--- RECORDS FOR PROCESSING Enclosed Below ---
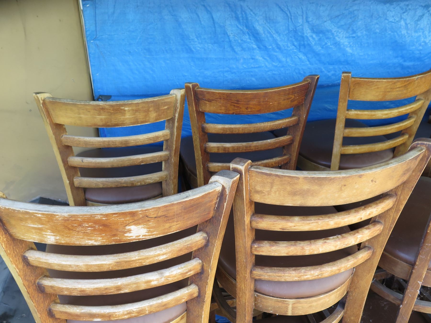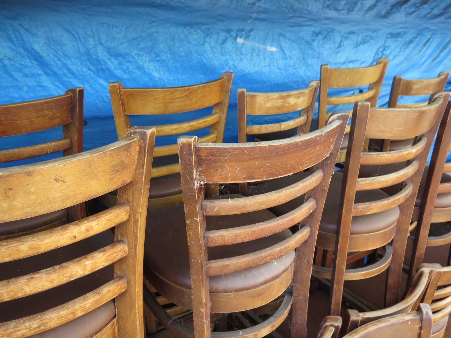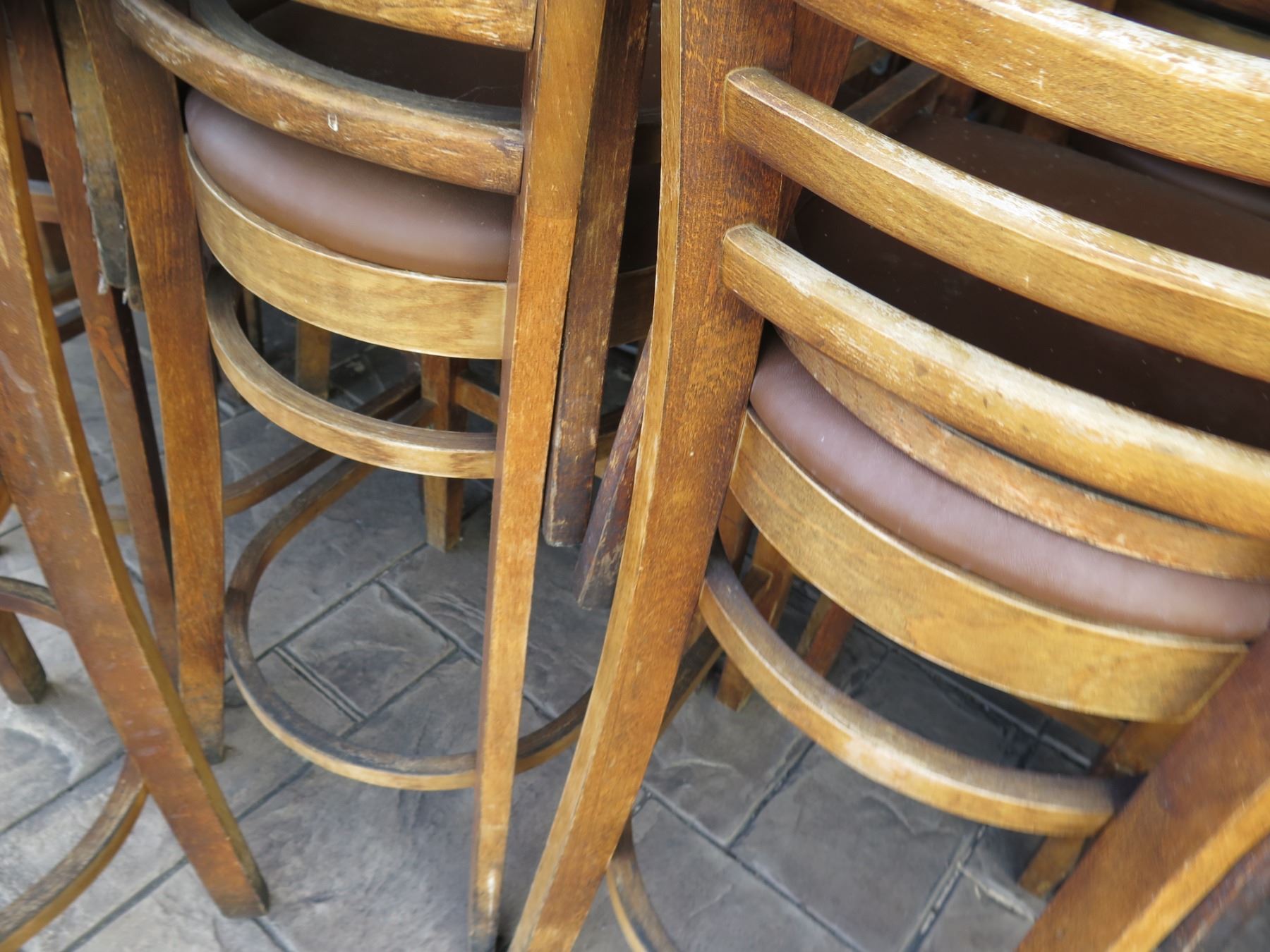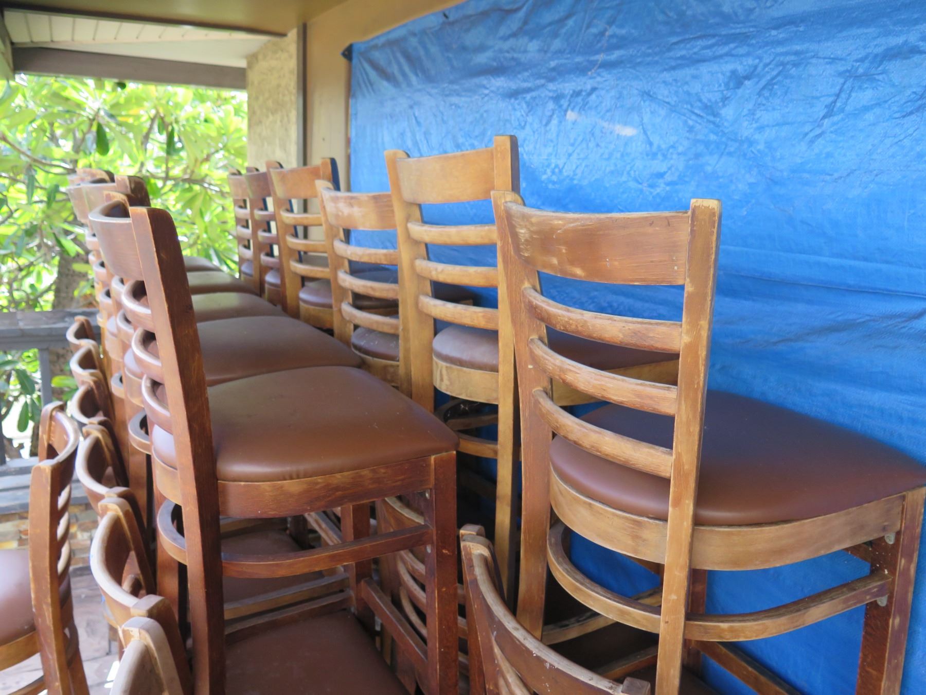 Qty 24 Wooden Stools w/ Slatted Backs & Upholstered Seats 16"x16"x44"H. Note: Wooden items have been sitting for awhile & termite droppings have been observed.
--- End of Enclosed RECORDS FOR PROCESSING ---
--- RECORDS FOR PROCESSING Enclosed Below ---
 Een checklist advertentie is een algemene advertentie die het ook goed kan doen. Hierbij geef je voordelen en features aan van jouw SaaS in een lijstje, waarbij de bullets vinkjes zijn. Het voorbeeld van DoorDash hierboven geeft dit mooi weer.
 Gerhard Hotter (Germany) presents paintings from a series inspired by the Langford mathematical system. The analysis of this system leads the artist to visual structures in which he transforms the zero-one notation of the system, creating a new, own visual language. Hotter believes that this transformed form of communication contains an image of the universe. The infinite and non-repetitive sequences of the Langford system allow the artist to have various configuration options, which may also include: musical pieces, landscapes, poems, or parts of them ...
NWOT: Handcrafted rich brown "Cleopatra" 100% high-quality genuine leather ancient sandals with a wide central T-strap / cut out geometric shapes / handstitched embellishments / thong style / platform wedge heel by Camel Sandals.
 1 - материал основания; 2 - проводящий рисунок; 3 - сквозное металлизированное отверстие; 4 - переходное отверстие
--- End of Enclosed RECORDS FOR PROCESSING ---
# WHAT THE EXERCISE ASKS
Within the data above, the span starting at the line containing "Een checklist advertentie" and ending at the line containing "NWOT: Handcrafted rich" is to be retyped exactly, with no other lines.

# RESPONSE TO THIS TASK
 Een checklist advertentie is een algemene advertentie die het ook goed kan doen. Hierbij geef je voordelen en features aan van jouw SaaS in een lijstje, waarbij de bullets vinkjes zijn. Het voorbeeld van DoorDash hierboven geeft dit mooi weer.
 Gerhard Hotter (Germany) presents paintings from a series inspired by the Langford mathematical system. The analysis of this system leads the artist to visual structures in which he transforms the zero-one notation of the system, creating a new, own visual language. Hotter believes that this transformed form of communication contains an image of the universe. The infinite and non-repetitive sequences of the Langford system allow the artist to have various configuration options, which may also include: musical pieces, landscapes, poems, or parts of them ...
NWOT: Handcrafted rich brown "Cleopatra" 100% high-quality genuine leather ancient sandals with a wide central T-strap / cut out geometric shapes / handstitched embellishments / thong style / platform wedge heel by Camel Sandals.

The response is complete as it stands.